FIG. 17 shows a similar method and assembly to that shown in FIG. The package has a window, eg 1702 , through which the laser beam travels along a laser beam path, eg 1705 . A separate hermetic package, eg 1701, and a laser diode, eg 1707, are mounted on a heat sink, eg 1704. FIG. The smaller volume surrounding each laser diode package is easier to clean, reduces the potential for silicon contaminants, and preferably eliminates and reduces carbon contaminant sources, requiring more complex assembly cleaning. can avoid becoming The laser diode and reflector should be cleaned prior to sealing to minimize silicon contaminants and preferably also remove and reduce carbon contaminant sources. Each package, eg 1701, is sealed in an oxygen-rich environment to convert residual carbon to _CO2 , which is harmless to the laser diode. This process results in long life for laser diodes. This assembly can have a lifetime greater than 5,000 hours and a lifetime greater than 10,000 hours.

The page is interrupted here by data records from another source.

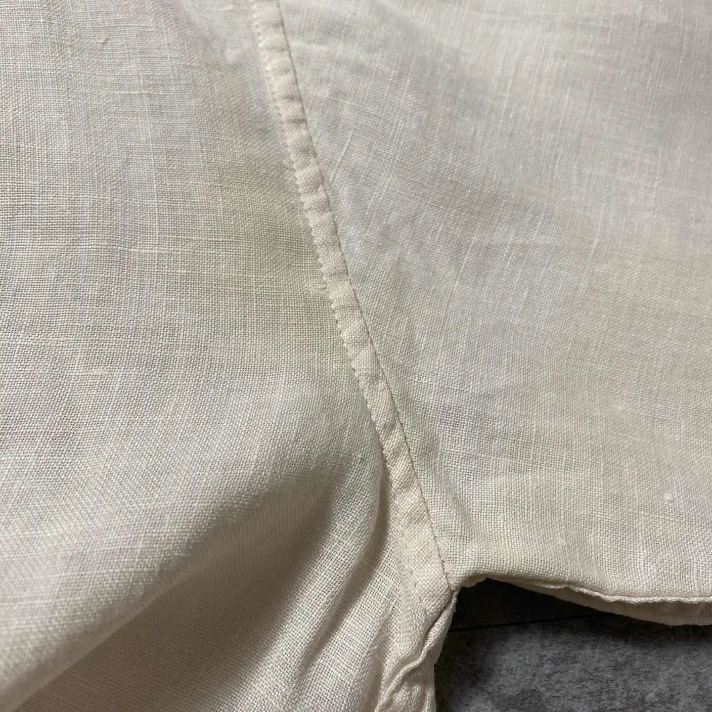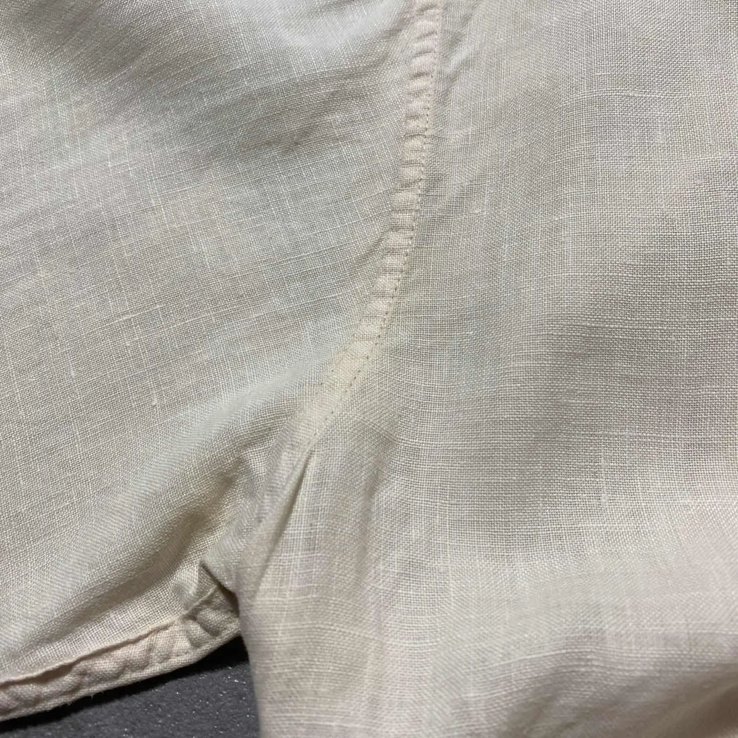 ○Size○ 表記→M(実際の着用感XLサイズ相当) ・着丈82 ・身幅63 ・肩幅54 ・袖丈57 (cm) ○Color○ ・ホワイト ○Material○ ・100%リネン ○Condition○ ・両脇に薄ら黄ばみあり ○Caution○ 当店で取り扱っている商材は全て『古着』となっております。 そのため、多少の状態難(ほつれ、傷、汚れ、リブの伸び、使用感、擦れ、色あせ、etc)がある場合がございます。 新品同様の完璧なお品物をお求めの方は当店でのお買い物を控えて頂きますよう宜しくお願いします。 また、購入された商品に関しましては、購入日時から起算して『72時間以内に』発送手続きの方を取らせて頂きます。 お急ぎの場合は購入前に当店オンラインストアの方にお問い合わせ頂きますよう宜しくお願いします。 25/875
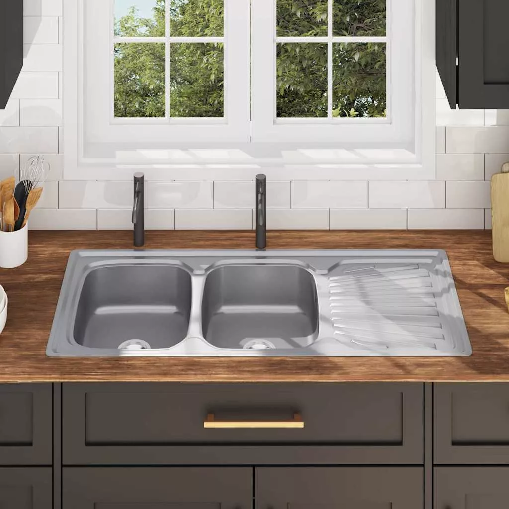 A kiváló minőségű rozsdamentes acélból készült mosogató karc- és ütésálló, valamint rendkívül tartós. Emellett szennytaszító és foltálló, így könnyedén tisztítható. A mosogató helytakarékosságának köszönhetően több hely marad Önnek a pulton. Az extra mély medencék bőséges helyet biztosítanak nagy serpenyők és edények számára, a kétmedencés kialakításnak köszönhetően pedig egy teljesen különálló résszel is rendelkezik. A csepegtetőtálcának nem csupán mosogatáskor veheti hasznát, hanem zöldségek szeletelésekor is. A négyszögletes mosogató jobb és bal oldalára is szerelhető a csepegtetőtálca. A csomag a szűrőt és a szifont is tartalmazza.
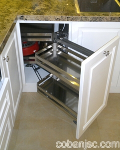 Một giải pháp lưu trữ tuyệt vời khác là một góc “thông minh” với kệ kéo. Sử dụng giải pháp lưu trữ tiện lợi này để tránh lãng phí không gian góc tủ, nơi bạn có thể giữ các loại xoong nồi lớn, các thiết bị nhỏ và các vật dụng cồng kềnh khác.
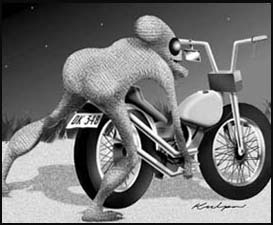 SLEAZY RIDER: alien from space checks out Stan Goodbrow's motorcycle in NEWS artistDick Kulpa's illustration.
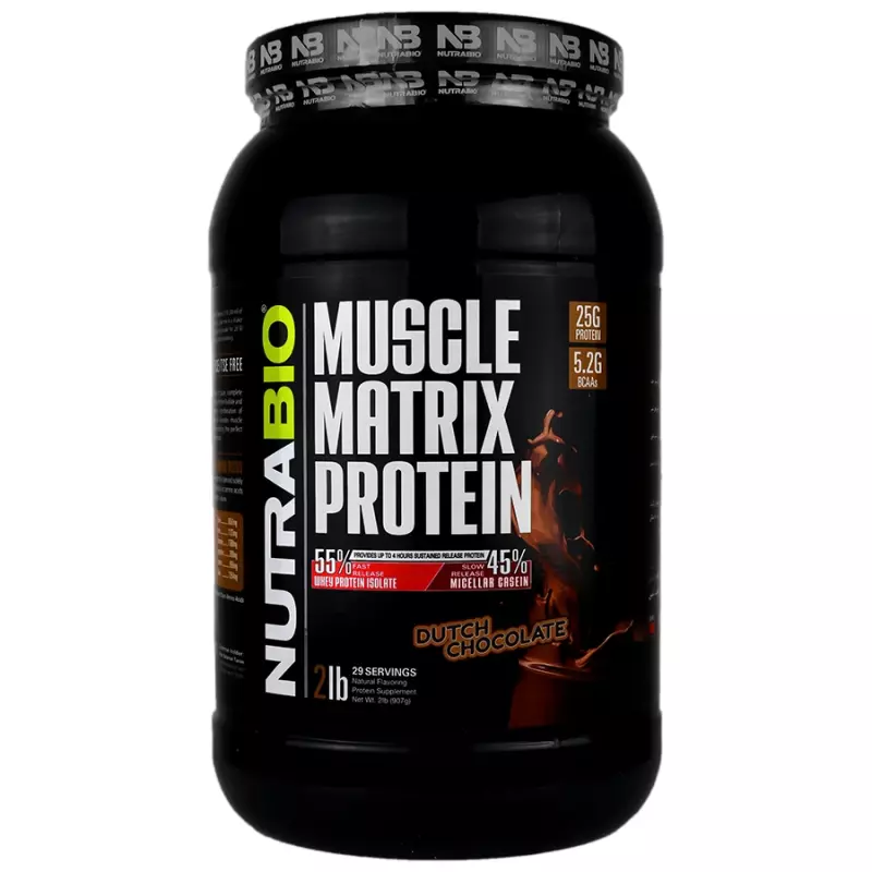 پودر پروتئین ماسل ماتریکس نوترابایو طعم شکلات هلندی907 گرمی Muscle Matrix Protein Nutra Bio-907 g

It is not necessary to provide or address the theory underlying new and innovative processes, materials, performance, other advantages and properties that are the subject of or related to embodiments of the present invention Please note. Nonetheless, various theories are provided herein to further advance the technology in this important area, particularly the important areas of lasers, laser processing, and laser applications. These theories put forth herein in no way limit, limit or narrow the scope of protection conferred on the claimed invention unless expressly stated otherwise. These theories may not be required or practiced to utilize the present invention. The present invention derives new and heretofore unknown theories to explain the operation, function, and features of the embodiments of the methods, articles, materials, devices, and systems of the present invention, and later developed. It should be understood that such theory does not limit the scope of protection given to this invention.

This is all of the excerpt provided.